• Data to examine:
—————
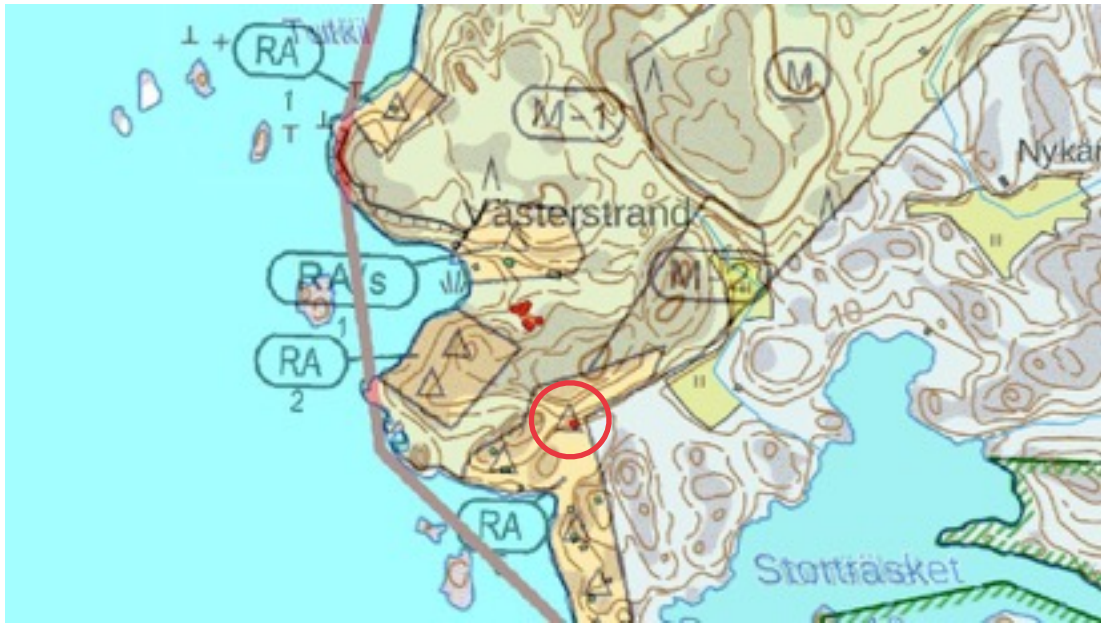
Karttaote: Västerstrand 2. Pohjakartta Maanmittauslaitos. Kaavakartta Sweco Oy. Kartan käsittely Jouni Taivainen, Arkebuusi.
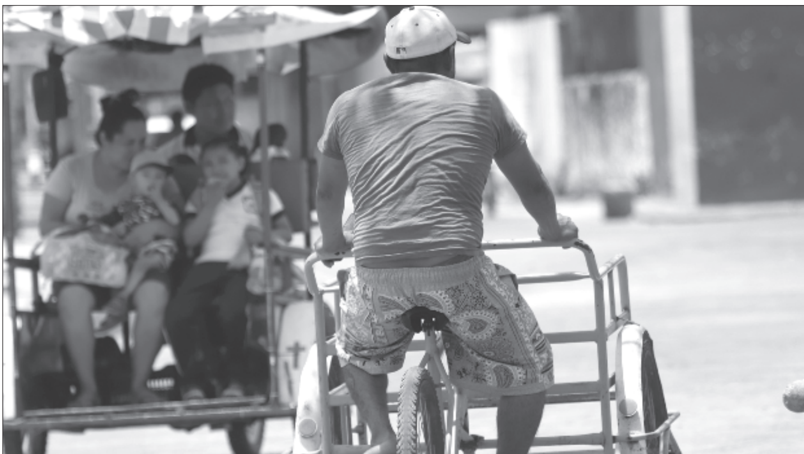
▲ “En la cotidianidad se cruzan diversas maneras de ver el mundo, de sentirlo y de proyectarlo, de tal forma que la vida aparece mucho más rica y conflictiva”.
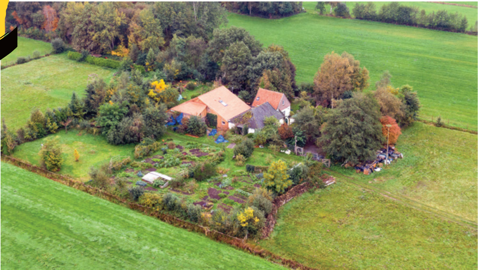
عکس از محل زندگی خانواده هلندی که به تازگی کشف شده‌اند

آشنایی با افرادی که سال‌ها دور از چشم دیگران در کوه، جنگل و ... زندگی کرده‌اند؛ به بهانه کشف خانواده‌ای در هلند که ۹ سال هیچ فردی آن‌ها را ندیده بود
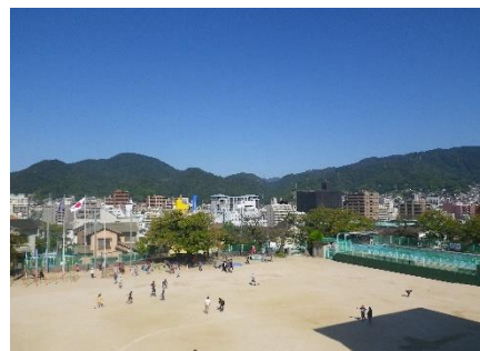
和庄小学校から見た呉の町

わたしたちの和庄小学校は、呉の東側にある休山の麓にあります。校舎の2階にある「なかよし広場」からは呉の町の様子が海から灰ヶ峰まで見えます。春は桜の花、秋は真っ赤な夕日がとてもきれいです。和庄の谷を休山に向かって登っていくと、住宅地を過ぎて山道に入る辺りに源宗坊寺というすごいお寺があります。この夏にあ
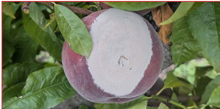
Síntomas de monilia en melocotón

Es importante tener en cuenta las infecciones latentes en esta enfermedad, ya que estas únicamente se manifiestan en el periodo de almacenamiento y distribución de la fruta. Para evitarlas, en los frutales de hueso pueden realizarse tratamientos postcosecha con productos a base de fludioxonil y pirimetanil.
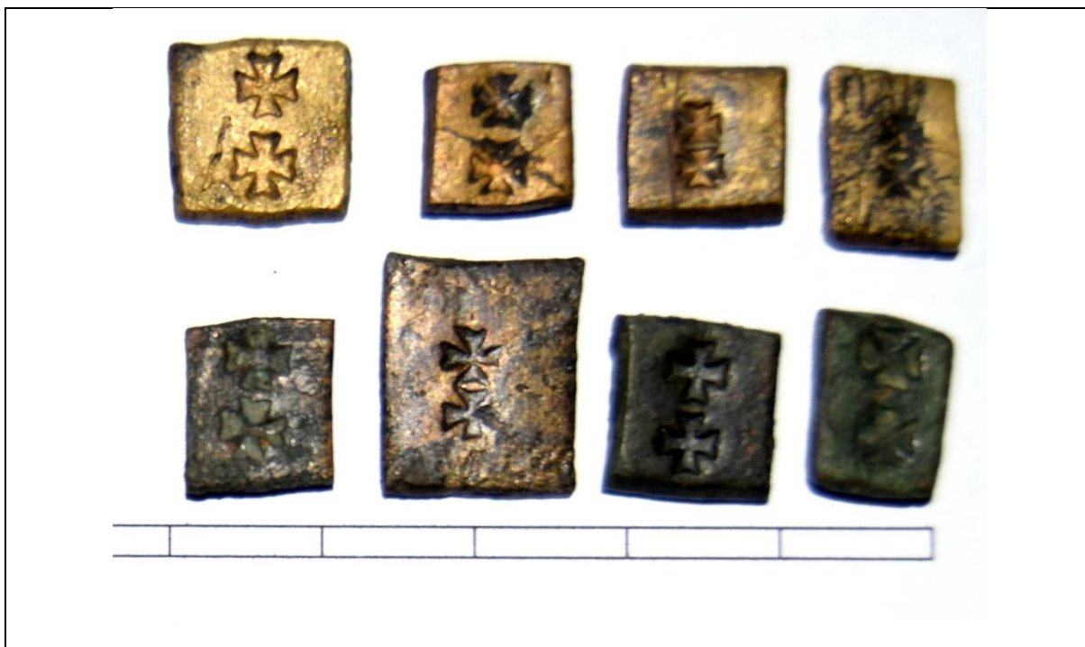
Fot. 1. Odważniki z godłem Gdańska (dwoma krzyżami bez korony) z XV/XVI w.

Przypuszczenie dotyczące gdańskich odważników dukatowych udało się potwierdzić znaleziskami archeologicznymi. Obecnie znane są dwa takie zabytki (Fot. 2)
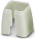
Marcado de color para cable Patch, gris

Marcado cromático - FL PATCH CCODE GY - 2891699
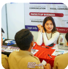
Ekspo Perguruan Tinggi
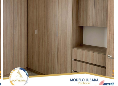
MODELO LUBABA Facturado
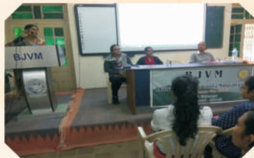
Women Awareness Programme
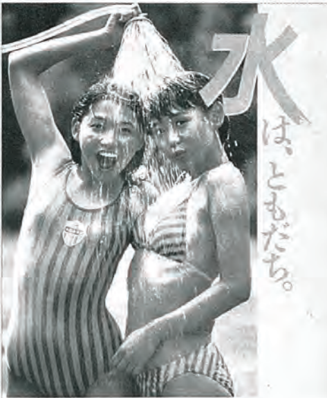
第11回 水は思いある貴重な資源です。 水の週間 8月1日→7日 国土庁・都道府県

り、水道事業は公営企業であり、水道使用者の料金収入で運営されています。担当でも極力経費の節減につとめ、事務の合理化、有収率向上等により、健全な経営を目指し努力いたしています。
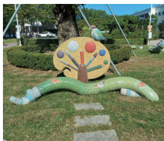
調色盤馬賽克鑲嵌作品

公共藝術不只是藝術作品，而是城市美學與社會教育的重要環節，它打破美術館的疆界，讓藝術走出象牙塔，在潛移默化中豐富大眾的精神生活，實現「藝術即生活，生活即藝術」的具體價值，將藝術融入日常生活，提升整體生活品質與美學素養。
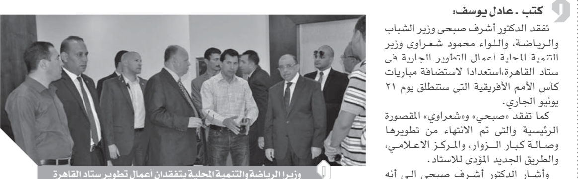
وزير الرياضة والتنمية المحلية يتابعان أعمال تطوير استاد القاهرة
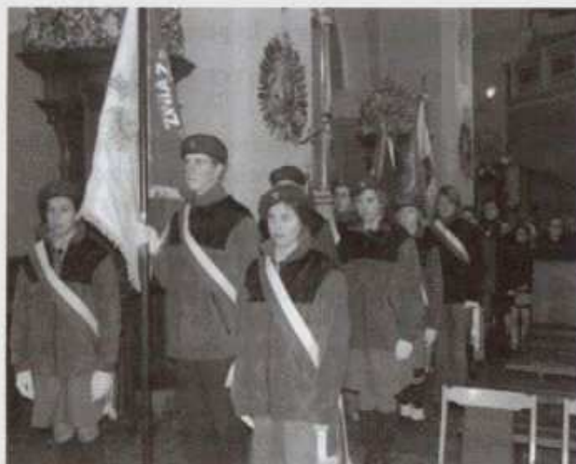
Młodzież ze sztandarem w kościele

Chorągwi Podkarpackiej, akt nadania imienia i prawa do posiadania sztandaru, złożenie kwiatów i zapalenie zniczy. Później uczestnicy przemaszerowali do Teatru, gdzie młodzież
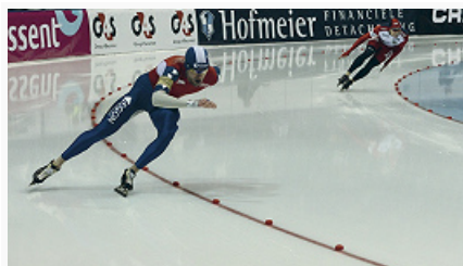
Скоростной бег на коньках. Этап Кубка мира в Коломне (2007).
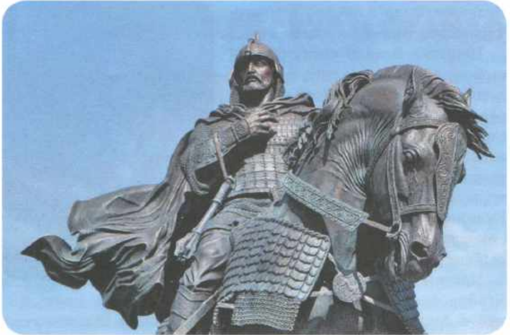
Памятник Дмитрию Донскому в Коломне.

Ягайло был вынужден подписать фактическое отречение от престола, признав великим князем литовским Кейстута. К Полоцку уже шёл с сильным войском Андрей Полоцкий. Осаждавший город Скиргайло, узнав о пленении Ягайло, поспешил признать верховную власть Кейстута, тут же снял осаду и покинул Полоцк, бежав в Ливонию.
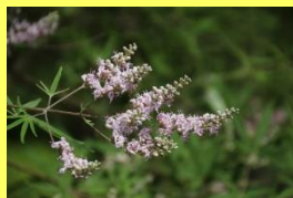
学名: Vitex agnus-castus 科名: シソ
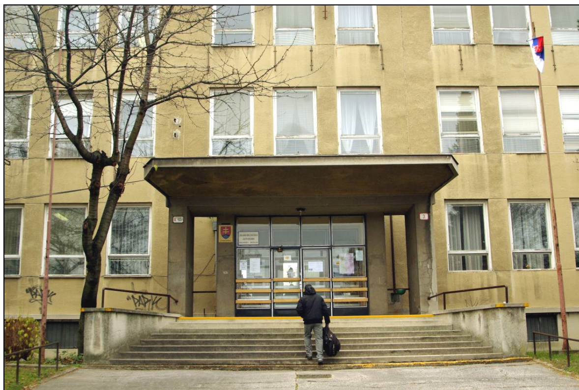
Vstup do školy
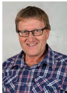
Regie und Bühne: Werner Stadelmann
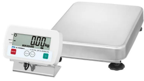
写真は、商品イメージです。
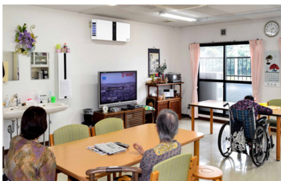
＜介護施設＞ 株式会社サンブレラ様
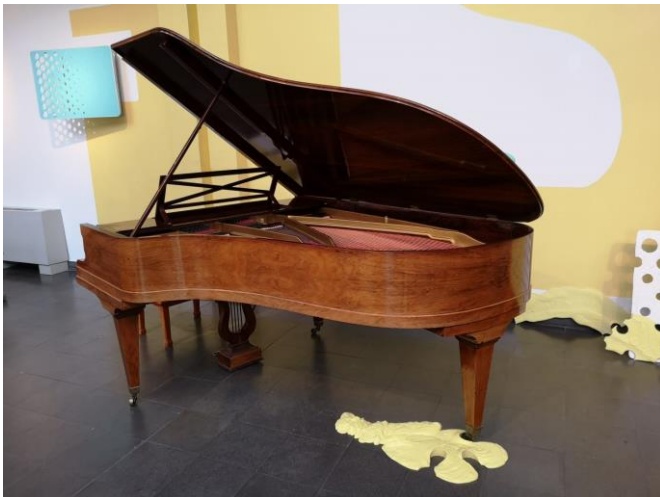
Détail de l'installation éphémère « Repeindre » (janvier 2020) avec vue sur la peinture murale, le trompe-l'œil créé avec le couvercle du piano et une des flaques de plâtre peintes installées au sol contre l'un des pieds du piano

installation éphémère créée in situ incluant des œuvres préexistantes, une peinture murale, un Tableau raté , des flaques de plâtre peintes et des objets
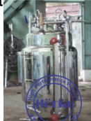
Capacity (kg) : 500-1000 kg/hour (width) : 450 mm (height) : 1000 mm (power) : 1.5 Kw
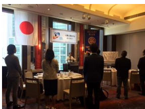
ソングリーダー 愛知副会長
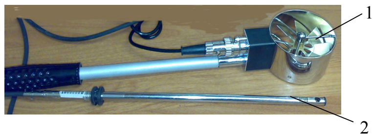
Рис. 5.2. Зонды к ЭА-70: 1 – зонд-крыльчатка, 2 – зонд «обогреваемая струна».

5.2.4 Прибор в комплекте упаковывается в пластиковый кейс.
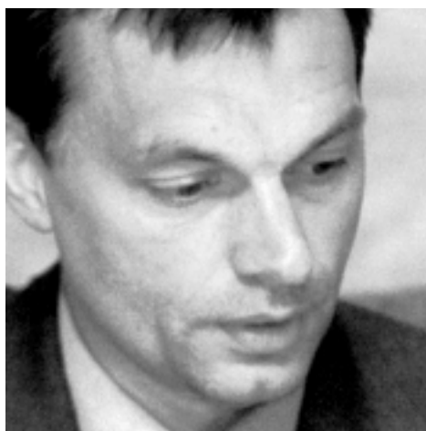
Victor Orbán Premier Węgier

To dla mnie duży honor i radość, że mogę być obecny w malowniczej Krynicy oddalonej tylko o 12 kilometrów od północnej granicy Słowacji, za którą znajduje się Polska, sąsiad słowackiemu sercu nadzwyczaj bliiski. W miejscu, gdzie odbywa się wyjątkowo ważne forum dyskusyjne, które od chwili swojego powstania wpływa pozytywnie na stosunki pomiędzy krajami Europy Środkowej i Wschodniej.
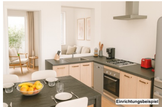
Küche – Einrichtungsbeispiel
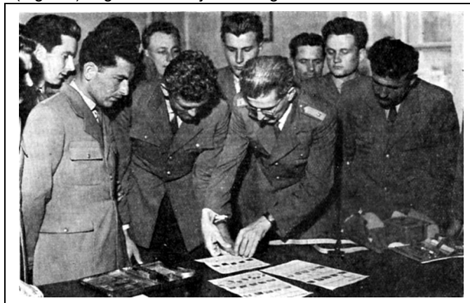
2. számú kép: Tanóra a BM Alapfokú Rendőriskolán 1966-ban
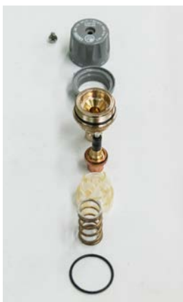
UWAGA - komplet wszystkich elementów
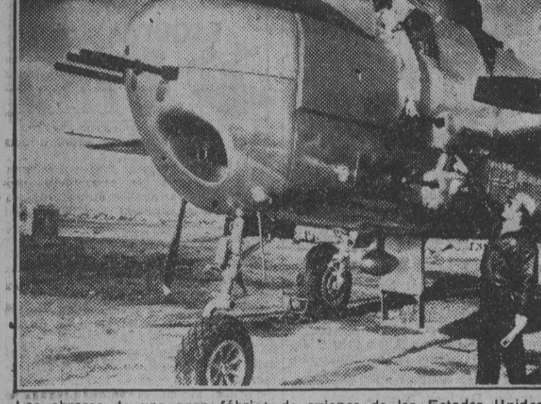
Los obreros de una gran fábrica de aviones de los Estados Unidos comprueban las ametralladoras montadas debajo del puesto del piloto en el nuevo modelo de E-25 Mitchell...
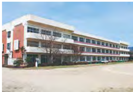
▲旧いわき湯本高校遠野校舎

旧いわき湯本高校遠野校舎への移転も含め、最適な整備手法について検討していきます。
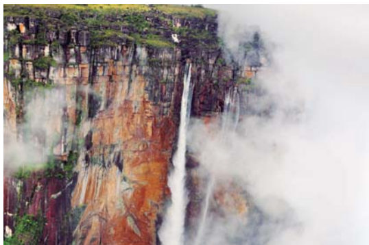
El Ministerio del Poder Popular para el Turismo se sumó a la celebración de esta emblemática fecha.

El año 2017 ha sido declarado por las Naciones Unidas como Año Internacional del Turismo Sostenible para el Desarrollo. Es por ello que la Organización Mundial del Turismo (OMT), elevó el lema "Turismo Sostenible como instrumento para el Desarrollo" y eligió al país Qatar, sede para la celebración del Día Mundial del Turismo, por su ri-
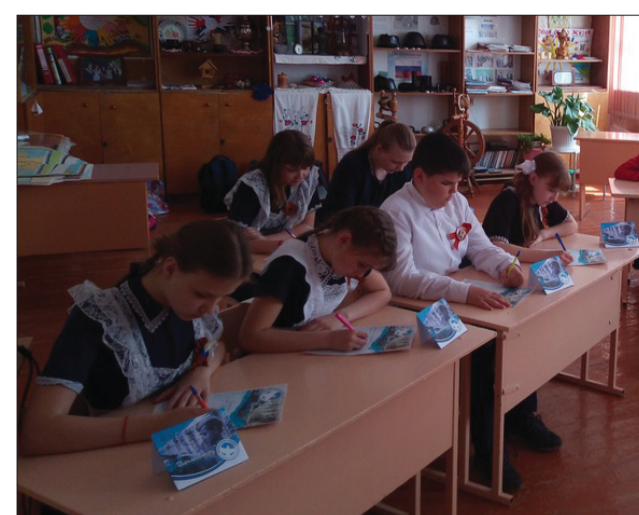
В Международном проекте «Письмо Победы», призванном сохранить память о подвиге нашего народа и отдать дань уважения ее солдатам, самое активное участие приняли обучающиеся Владимировской школы.
—————
• Exercise description:
Every last line above must be reproduced as written, and no pictures belong in the copy.

• Output:
Karttaote: Västerstrand 2. Pohjakartta Maanmittauslaitos. Kaavakartta Sweco Oy. Kartan käsittely Jouni Taivainen, Arkebuusi.
▲ “En la cotidianidad se cruzan diversas maneras de ver el mundo, de sentirlo y de proyectarlo, de tal forma que la vida aparece mucho más rica y conflictiva”.
عکس از محل زندگی خانواده هلندی که به تازگی کشف شده‌اند

آشنایی با افرادی که سال‌ها دور از چشم دیگران در کوه، جنگل و ... زندگی کرده‌اند؛ به بهانه کشف خانواده‌ای در هلند که ۹ سال هیچ فردی آن‌ها را ندیده بود
和庄小学校から見た呉の町

わたしたちの和庄小学校は、呉の東側にある休山の麓にあります。校舎の2階にある「なかよし広場」からは呉の町の様子が海から灰ヶ峰まで見えます。春は桜の花、秋は真っ赤な夕日がとてもきれいです。和庄の谷を休山に向かって登っていくと、住宅地を過ぎて山道に入る辺りに源宗坊寺というすごいお寺があります。この夏にあ
Síntomas de monilia en melocotón

Es importante tener en cuenta las infecciones latentes en esta enfermedad, ya que estas únicamente se manifiestan en el periodo de almacenamiento y distribución de la fruta. Para evitarlas, en los frutales de hueso pueden realizarse tratamientos postcosecha con productos a base de fludioxonil y pirimetanil.
Fot. 1. Odważniki z godłem Gdańska (dwoma krzyżami bez korony) z XV/XVI w.

Przypuszczenie dotyczące gdańskich odważników dukatowych udało się potwierdzić znaleziskami archeologicznymi. Obecnie znane są dwa takie zabytki (Fot. 2)
Marcado de color para cable Patch, gris

Marcado cromático - FL PATCH CCODE GY - 2891699
Ekspo Perguruan Tinggi
MODELO LUBABA Facturado
Women Awareness Programme
第11回 水は思いある貴重な資源です。 水の週間 8月1日→7日 国土庁・都道府県

り、水道事業は公営企業であり、水道使用者の料金収入で運営されています。担当でも極力経費の節減につとめ、事務の合理化、有収率向上等により、健全な経営を目指し努力いたしています。
調色盤馬賽克鑲嵌作品

公共藝術不只是藝術作品，而是城市美學與社會教育的重要環節，它打破美術館的疆界，讓藝術走出象牙塔，在潛移默化中豐富大眾的精神生活，實現「藝術即生活，生活即藝術」的具體價值，將藝術融入日常生活，提升整體生活品質與美學素養。
وزير الرياضة والتنمية المحلية يتابعان أعمال تطوير استاد القاهرة
Młodzież ze sztandarem w kościele

Chorągwi Podkarpackiej, akt nadania imienia i prawa do posiadania sztandaru, złożenie kwiatów i zapalenie zniczy. Później uczestnicy przemaszerowali do Teatru, gdzie młodzież
Скоростной бег на коньках. Этап Кубка мира в Коломне (2007).
Памятник Дмитрию Донскому в Коломне.

Ягайло был вынужден подписать фактическое отречение от престола, признав великим князем литовским Кейстута. К Полоцку уже шёл с сильным войском Андрей Полоцкий. Осаждавший город Скиргайло, узнав о пленении Ягайло, поспешил признать верховную власть Кейстута, тут же снял осаду и покинул Полоцк, бежав в Ливонию.
学名: Vitex agnus-castus 科名: シソ
Vstup do školy
Regie und Bühne: Werner Stadelmann
写真は、商品イメージです。
＜介護施設＞ 株式会社サンブレラ様
Détail de l'installation éphémère « Repeindre » (janvier 2020) avec vue sur la peinture murale, le trompe-l'œil créé avec le couvercle du piano et une des flaques de plâtre peintes installées au sol contre l'un des pieds du piano

installation éphémère créée in situ incluant des œuvres préexistantes, une peinture murale, un Tableau raté , des flaques de plâtre peintes et des objets
Capacity (kg) : 500-1000 kg/hour (width) : 450 mm (height) : 1000 mm (power) : 1.5 Kw
ソングリーダー 愛知副会長
Рис. 5.2. Зонды к ЭА-70: 1 – зонд-крыльчатка, 2 – зонд «обогреваемая струна».

5.2.4 Прибор в комплекте упаковывается в пластиковый кейс.
Victor Orbán Premier Węgier

To dla mnie duży honor i radość, że mogę być obecny w malowniczej Krynicy oddalonej tylko o 12 kilometrów od północnej granicy Słowacji, za którą znajduje się Polska, sąsiad słowackiemu sercu nadzwyczaj bliiski. W miejscu, gdzie odbywa się wyjątkowo ważne forum dyskusyjne, które od chwili swojego powstania wpływa pozytywnie na stosunki pomiędzy krajami Europy Środkowej i Wschodniej.
Küche – Einrichtungsbeispiel
2. számú kép: Tanóra a BM Alapfokú Rendőriskolán 1966-ban
UWAGA - komplet wszystkich elementów
Los obreros de una gran fábrica de aviones de los Estados Unidos comprueban las ametralladoras montadas debajo del puesto del piloto en el nuevo modelo de E-25 Mitchell...
▲旧いわき湯本高校遠野校舎

旧いわき湯本高校遠野校舎への移転も含め、最適な整備手法について検討していきます。
El Ministerio del Poder Popular para el Turismo se sumó a la celebración de esta emblemática fecha.

El año 2017 ha sido declarado por las Naciones Unidas como Año Internacional del Turismo Sostenible para el Desarrollo. Es por ello que la Organización Mundial del Turismo (OMT), elevó el lema "Turismo Sostenible como instrumento para el Desarrollo" y eligió al país Qatar, sede para la celebración del Día Mundial del Turismo, por su ri-
В Международном проекте «Письмо Победы», призванном сохранить память о подвиге нашего народа и отдать дань уважения ее солдатам, самое активное участие приняли обучающиеся Владимировской школы.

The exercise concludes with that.